Relton Marine are the couple who’ve been making art together for thirty years

The collaborative artist duo bring different skills and energies to their paintings, but the emotion felt by the viewer is always the same: joy.

Collaborating as artists and living as a couple is undeniably romantic, but Christine Relton and Tom Marine’s story is one of love for their combined craft as much as one for each other. And it’s a tale that traces a long and unexpected path. Both Relton and Marine headed straight to art college from school, but neither originally pursued a painting career. Relton took up teaching and travelling while Marine found work as a colour proofer for advertisements. It wasn’t until their late thirties that the two met and began a partnership that would culminate in international exhibitions, the ColourBox collective and a garden studio in Yorkshire, where they produce artworks that capture the beauty of the Yorkshire Dales and Indian palaces alike.

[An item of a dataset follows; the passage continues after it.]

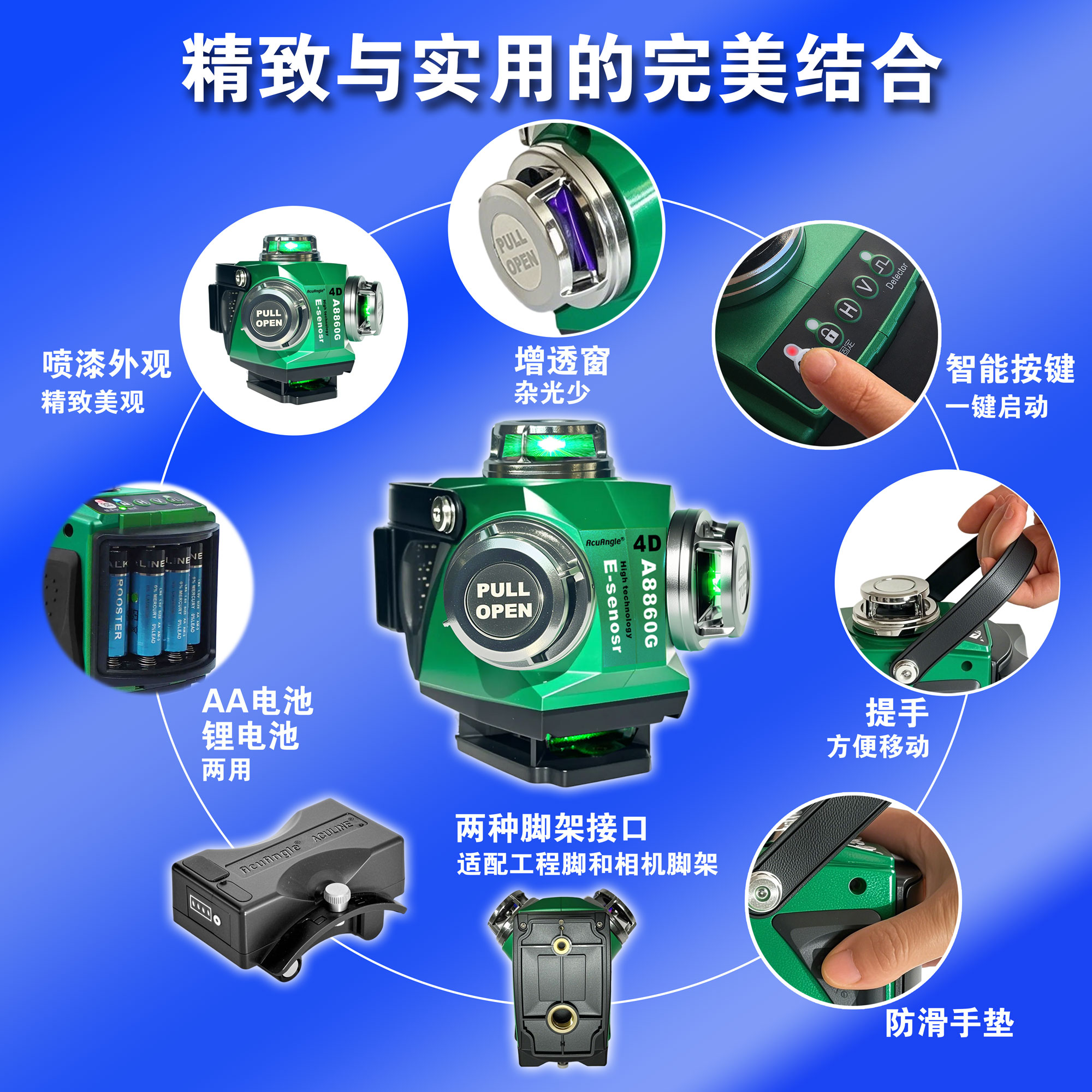 ->一键启动,水平线、垂直线有单独按键,操作简便且节约电量。

Marine’s first steps into collaboration began when a friend asked if he could alter one of the artist’s existing paintings, changing a large section of red for one in blue. “He had a go at it and it worked,” Marine explains. “I thought, Let’s do a painting together. After about two hours we nearly came to blows.” His next, more successful attempt, is something plucked straight from a rom-com. Recently back from Japan, Relton had travelled up to a mutual friend’s town for a birthday party. But with two kids, bringing a rowdy collection of friends back to the host’s house wasn’t feasible. Instead, they went back to Marine’s. Fortunately, Relton had no choice but to join as another of the group had gone to collect a cake — with her keys in his pocket. “We hadn’t even talked to each other,” Marine reminisces. “One of the first things Christine said to me was, Who does the paintings? I explained the story and she said, Can I have a go?” Fortified by a large glass of wine each, the two worked through the night. 

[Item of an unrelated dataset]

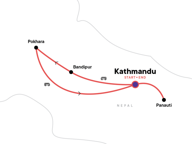 Your Big Night Out Moment: Lakeside Bar, Pokhara. Patan Durbar Square Tour. Swayambhunath Temple Visit. Hike to Panauti Community Homestay. Bike Tour of Panauti Region. Bandipur Orientation Walk. Ramkot Village Hike. Pokhara Orientation Walk. All transport between destinations and to/from included activities.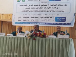 Ms. Nabiha Ali Mohammed Al-Hammadi was awarded a PhD degree for her dissertation titled, “The Role of Social Media Networks in Enhancing Information Awareness among Postgraduate Students at Sana’a University,” which was submitted to Department of Libraries and Information Science, Faculty of Arts and Humanities – Sana’a University. The PhD dissertation defense was held on Wednesday, October 22, 2025.

The timing was fateful. Marine’s career as a colour proofer was being outsourced to the computer age, and his work with Christine had found a ready audience at a nearby jazz club. “I rang Christine up in London and said, You need to move to Leeds,” Marine recalls. “We’ll see if we can do something with painting. Thirty years later, here we are.”

Since then, the pair have been honing their joint process, which sees Marine take on the bulk of underpainting while Relton composes still life and landscape scenes on top. Surprisingly, Relton says collaboration never appealed to her — but now it’s a process she wouldn’t want to be without.  “You get surprised by somebody else in a way you can’t possibly do painting on your own,” she says. “Tom’s got very different skills to me. I feel a bit sorry for people who work on their own. It must be challenging in a way.”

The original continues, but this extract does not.